A Sabrent CRW-UINB media-card reader occupied one of the two external 3.5-inch drive bays. In addition to supporting every type of flash-memory media we can think of, there’s a third USB port (there are two more on top of the case itself). These drives are so inexpensive (you can buy this model online for less than $15) that we so no reason why any multimedia-oriented PC should come without one.
As we mentioned earlier, AVADirect picked Thermaltake’s V9 VJ40001W2Z to house their offering. The V9 is an attractive mid-tower case fabricated from steel. The power supply—our eval unit was equipped with a 750-watt Corsair TX750—sits at the bottom of the enclosure, which renders the unit less top heavy than designs that mount the PSU up top. There’s no door on the front to cover the exposed drive bays, but we didn’t miss it; the more you access the drives there, the more likely you’ll be to wind up taking it off its hinges anyway.
A 120 mm fan lit by a red LED draws air in through the front of the V9 and blows it over the five 3.5-inch drive bays.
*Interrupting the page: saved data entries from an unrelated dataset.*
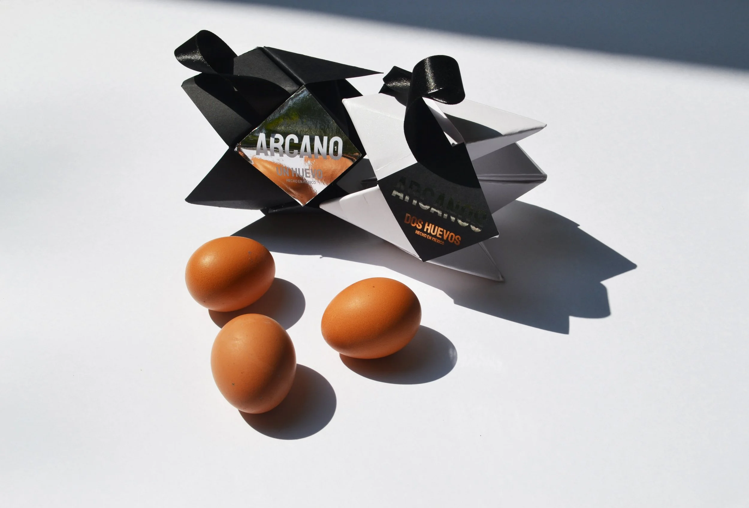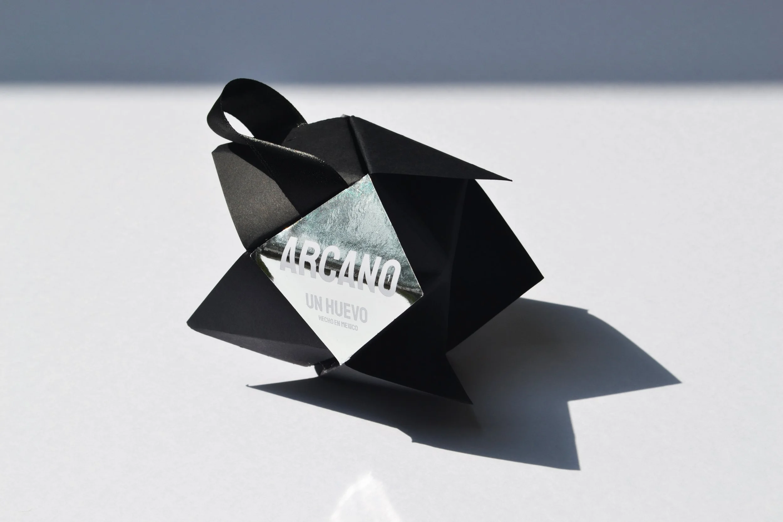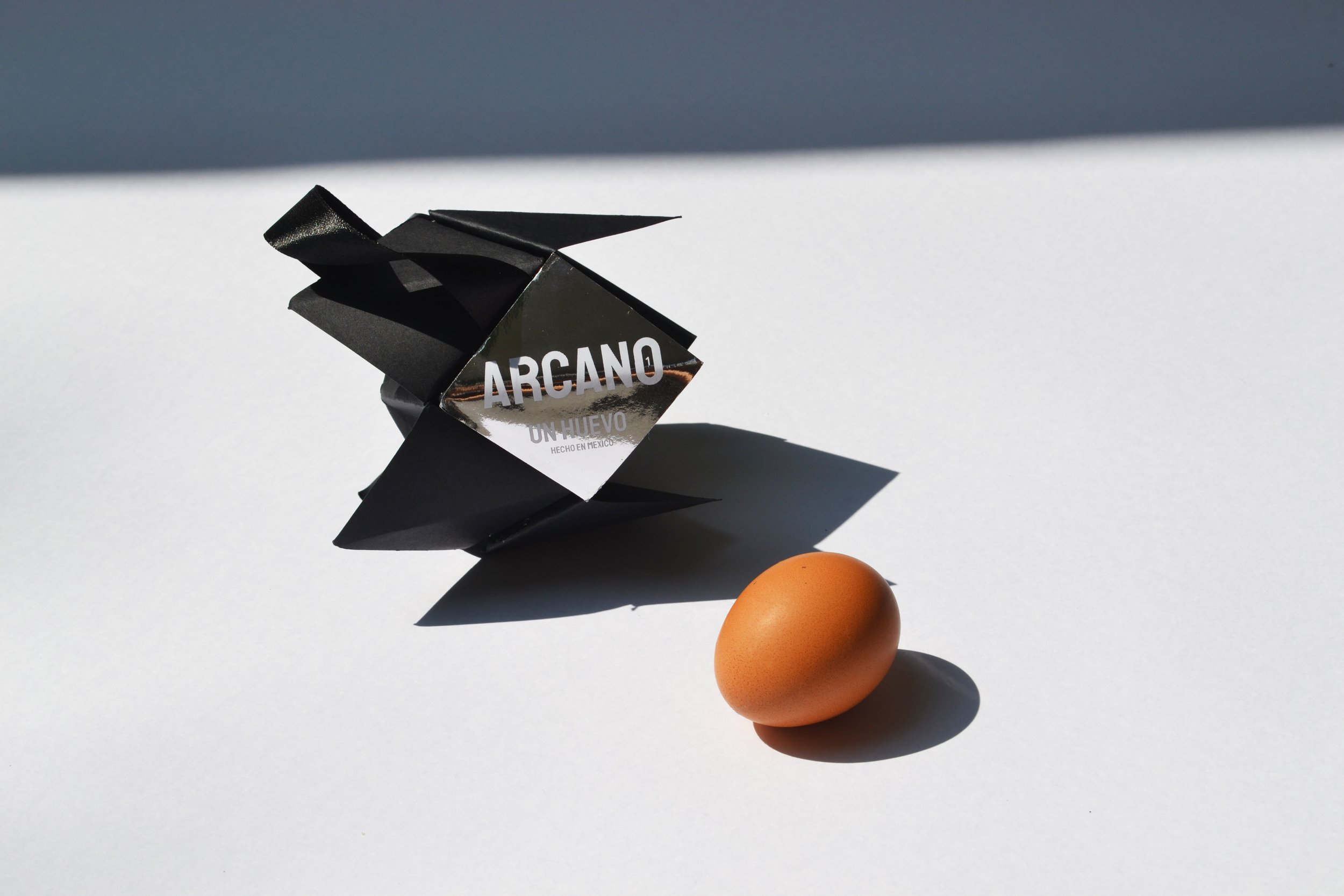 Este empaque para huevos se llama Arcano para hacer referencia a su mismo significado “lo misterioso”. No se puede ver el huevo por fuera. En la etiqueta el uso de foil es para hacer referencia “the magic of creation” que viene del simbolismo del huevo. Con el objetivo de crear una experiencia al consumidor de hacer algo extraordinario a lo ordinario. El empaque color negro y blanco son simbolismo de lo puro y lo misterioso que puede ser el futuro.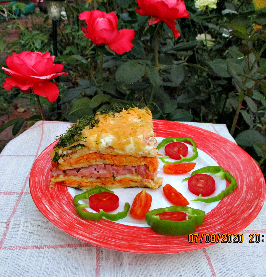 Теперь, когда все начинки готовы и блины остыли, можно собирать торт. Первый блин будет основой, затем добавьте половину начинки с морковью и сыром. Повторяйте процесс, чередуя между блинами занимательные начинки, пока не закончите все ингредиенты. В завершение посыпьте готовый торт тертым сыром и украсьте зеленью.
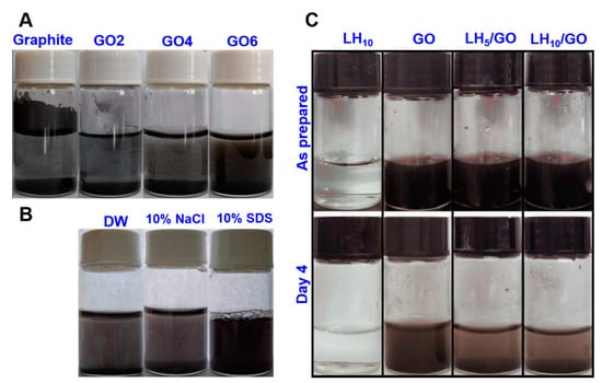 Figure 2C affirms the interaction of LH and GO by means of ionic complexation. It is clear that the LH10 solution remains apparent throughout the experiment. As just mentioned, the GO (LH0/GO) solution still reveals the well-dispersed property by day 4. Meanwhile, the LH-containing solutions (LH5/GO, LH10/GO) are less turbid than LH-free solution (LH0/GO) and show a significant aggregation on day 4. The phenomenon showed that there was a surface charge transition of GO from very negative to neutral. The neutralization, which mostly causes by the complexation between the basic group of LH and the acidic carboxyl of GO, induces GO plates to cluster together into a mass and conglomerate at the bottom.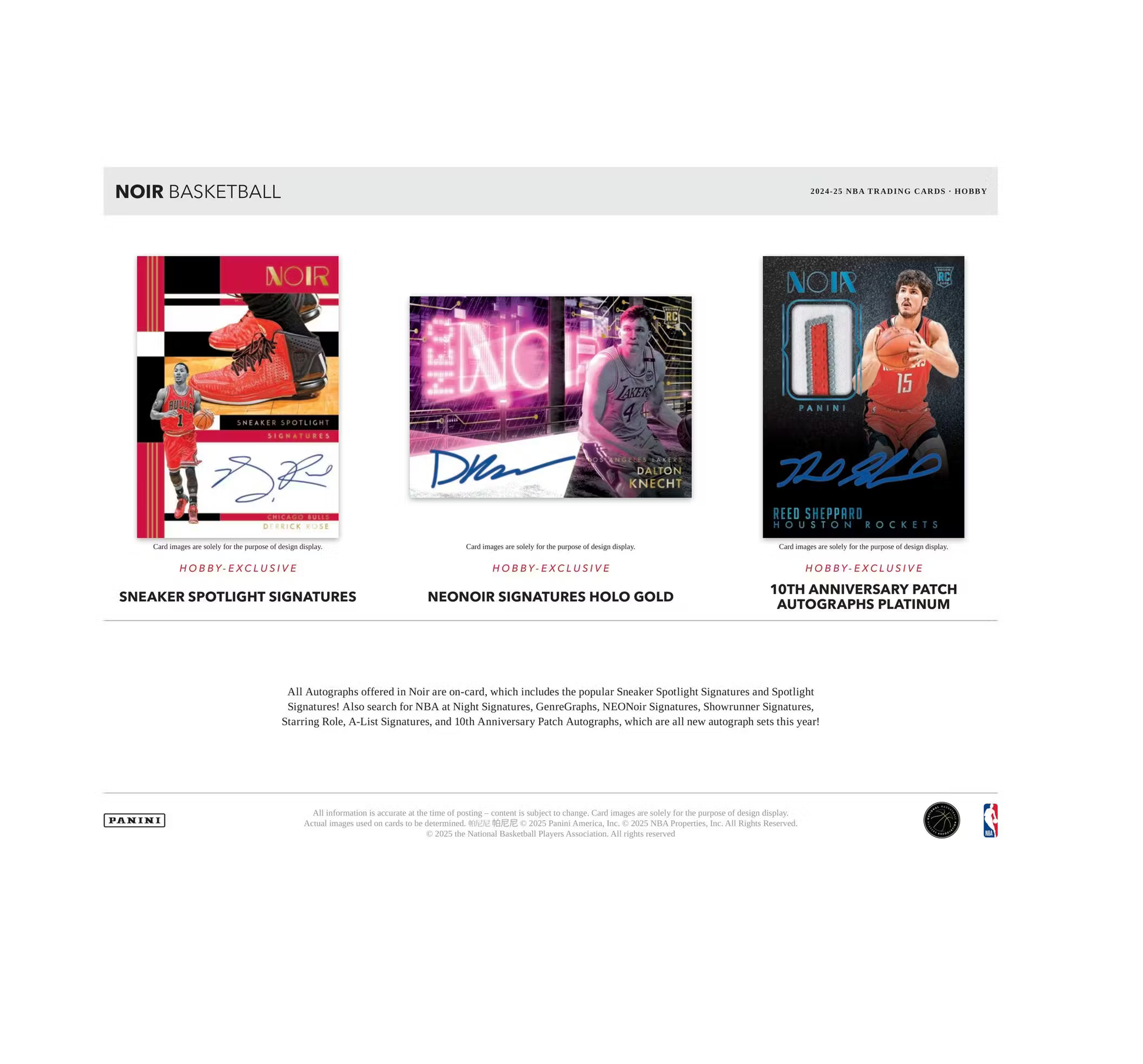 - Noir Basketball returns for the 2024-25 season, and offers quality designs and on-card Autographs in which collectors can find 3 Base/Base Parallels or Inserts, 3 Memorabilia cards, and 4 Autographs per box!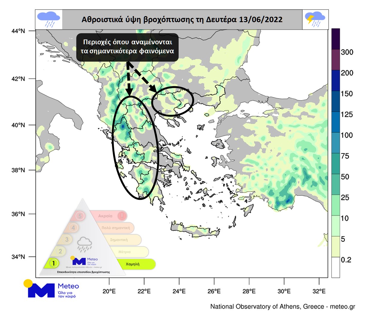 Τα σημαντικότερα φαινόμενα θα εντοπίζονται στα δυτικά τμήματα της χώρας, καθώς και σε περιοχές της Κεντρικής και Βόρειας Ελλάδας. Το αναμενόμενο επεισόδιο είναι Κατηγορίας 1 όσον αφορά τον πενταβάθμιο Δείκτη Επικινδυνότητας Επεισοδίου Βροχόπτωσης (Regional Precipitation Index - RPI) του meteo.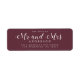 Chic, modern and simple wedding return address label with the text the future Mr and Mrs in white elegant script calligraphy on a burgundy background. Simply add your name and address. Exclusively designed for you by Happy Dolphin Studio. If you need any help or matching products please contact us at happydolphinstudio@outlook.com. We're happy to help you make your wedding the most beautiful day!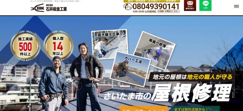 株式会社石井板金工業は、埼玉県全域・東京23区・近郊エリアを対象に、屋根修理・雨漏り修理・板金工事を専門に行っている職人直営の施工店です。営業職を置かず、職人自らが現場調査・施工・アフター対応まで一貫して担当しているため、余計な中間コストがかからず、高品質な施工を適正価格で提供できるのが特徴です。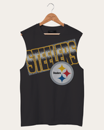 Show off your guns with our new NFL Pittsburgh Steelers Muscle Tank. Made from a loose knit 100% cotton jersey and featuring an oversized graphic logo on the chest. This muscle tank is perfect for the gym or the beach, get yours today.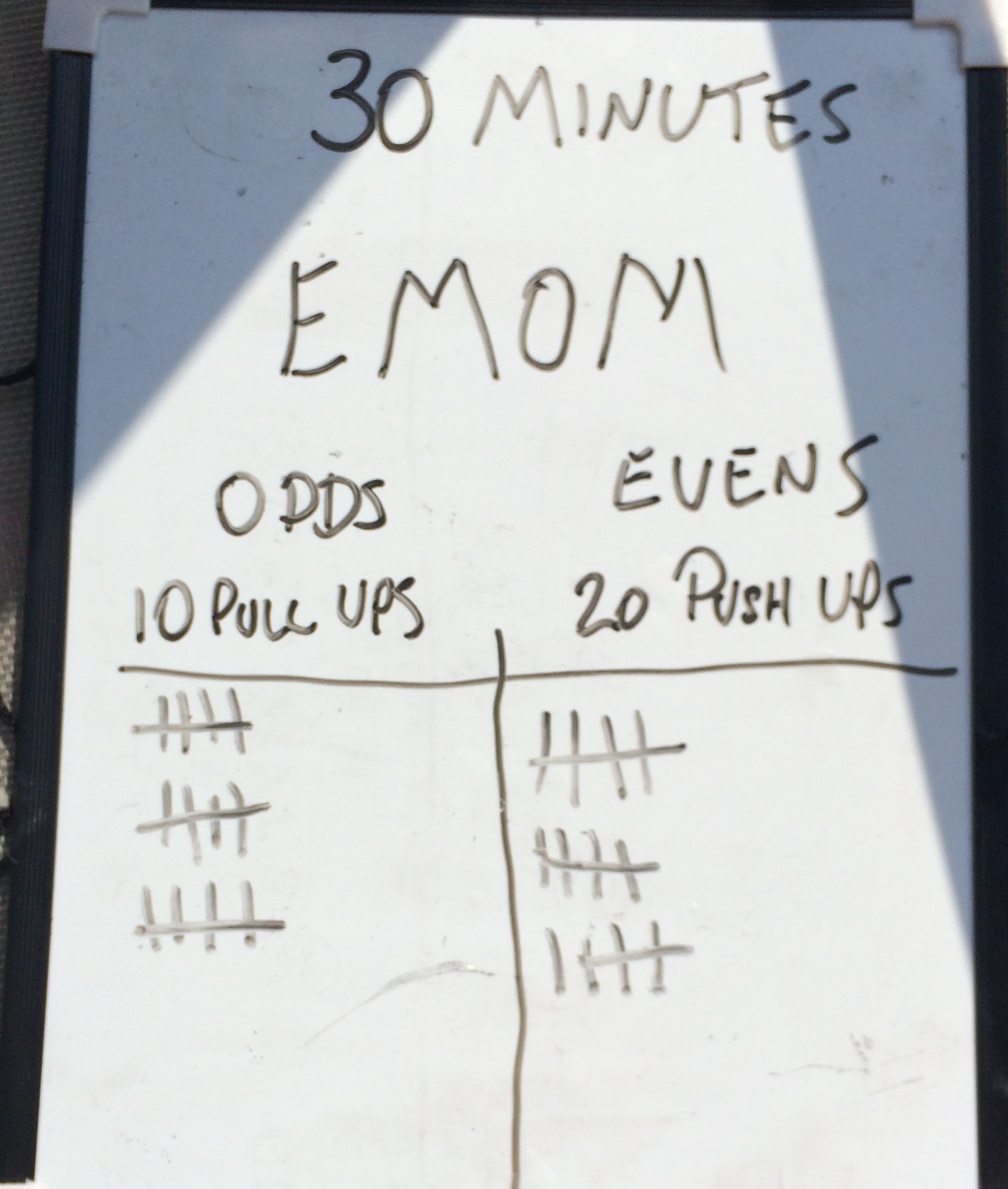 Assault bike 1 min on 1 min off for 15 rounds totaling 30 mins.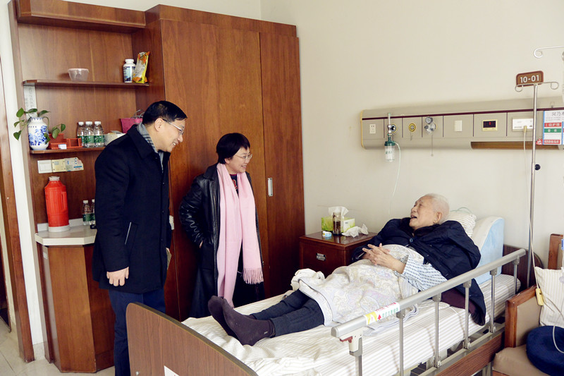 戊戌年春节前夕,2月12日上午,九三学社江苏省委主委周岚去医院看望慰问社省委原主委彭司勋、闵乃本院士。社省委专职副主委兼秘书长蒯建华陪同看望。

Air is exhausted by a 25m mm fan in the rear of the chassis and a huge 230 mm on top. The large fan on top is covered by a flimsy steel mesh that caved in when we leaned on it to plug in our mouse and keyboard into the rear USB ports. Whoops! Fortunately, it didn’t affect the fan’s rotation.
There’s a mic input and headphone output adjacent to the two USB ports on the top of the case, but there’s no front-mounted FireWire or eSATA port. That will leave enthusiasts doing a reach-around to plug in a FireWire-equipped digital camcorder.